The census found that Britain’s chalk streams had lost 41 per cent of their mayfly species on average compared with 1998. “In many lowland catchments, the spectacular hatches that once defined early summer have diminished dramatically, reflecting decades of mounting pressure on freshwater ecosystems,” said Janina Gray, head of science and policy at WildFish. “Pollution, sediment runoff, reduced river flows and rising water temperatures are all eroding the conditions these insects depend on.” Other research suggests that even modest levels of fine sediment and phosphate pollution in many English rivers may be enough to kill up to 80 per cent of mayfly eggs laid in riverbeds. Fine sediments can suffocate eggs and promote fungal growth, while phosphates inhibit egg development — both pollutants often originating from agricultural runoff and untreated sewage.
Additional threats include neonicotinoid insecticides, which have been found to cause sharp drops in insect numbers in water; rising water temperatures linked to climate change, which can push species to retreat to higher altitudes; habitat loss and degradation from urban sprawl, simplification of farmland, and over-abstraction of water from rivers; and light pollution, which particularly affects night-flying insects. Conservation groups such as Buglife are working to protect invertebrates through research, habitat management, and advocacy. Some conservationists and fishermen are also involved in repopulation programmes, collecting mayfly eggs to increase survival rates.
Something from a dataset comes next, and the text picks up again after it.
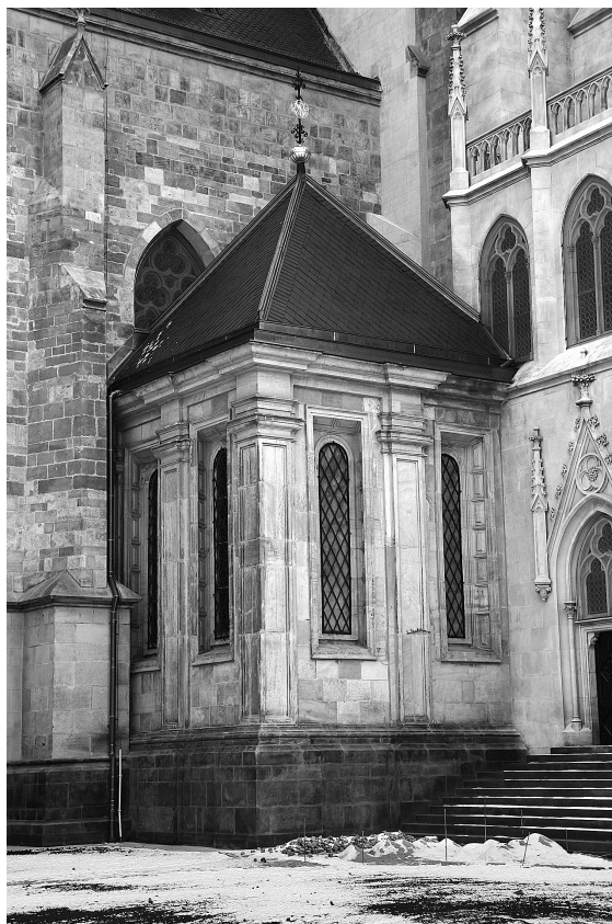
Obr. 6: Olomouc, kaple sv. Stanislava při katedrále sv. Václava, 1585–1591, pohled od jihozápadu.

Kaple tedy byla svým způsobem i devocionálně-memoriální stavbou zasvěcenou sv. Stanislavovi a v tomto ohledu nepřekvapí, že byla patrně již v průběhu stavby zbavena své sepulkrální funkce ve prospěch čistě liturgické, v čemž biskup Pavlovský nejspíše věrně následoval potridentské instrukce, zejména Karla Boromejského. Její distinktivní a nezvyklá manýristická forma je svým způsobem analogická neméně bezprecedentnímu vystupování hlavy moravského kléru, biskupa, který získal pro olomoucké biskupy potvrzení knížecího titulu, byl agilním reprezentantem císařské politiky na Moravě a stoupencem striktního konfesionalizačního (potridentského) programu. Kaple a zejména její výzdoba nesla řadu aktuálních odkazů, souvisejících s upevňováním pozice olomouckých biskupů – potvrzení knížecího titulu, vítězství nad zemským soudem ve věci sporu o jurisdikci nad klérem. Tento program byl do jisté míry historizující, zvláště s ohledem na aktualizaci legendy sv. Stanislava, který reprezentoval obdobný spor světské (zde i protestantské) moci s mocí duchovní, její manifestační a konfrontační charakter byl ovšem plně vyjadřován moderní okázalou formou manýristické, efektní architektury. Výjimečnosti stavby přitom plně odpovídá zvažovaná osobnost projektanta – rudolfinského architekta, Florentána Giovanniho Gargiolliho. 27 Kaple sv. Stanislava, ovšem i související přestavba katedrálního průčelí do triumfální trojvěžové podoby, působila jako okázalé

For now, Fabian encourages Britons to relish the ancient spectacle while they still can. “This behaviour is something that pretty much everyone, at certain times of the year, should be able to see,” he said. “These are quite urban places with lots of traffic, but they’re still hanging on and they’re still doing this dance that they have probably been doing since before Britain was separated from mainland Europe.”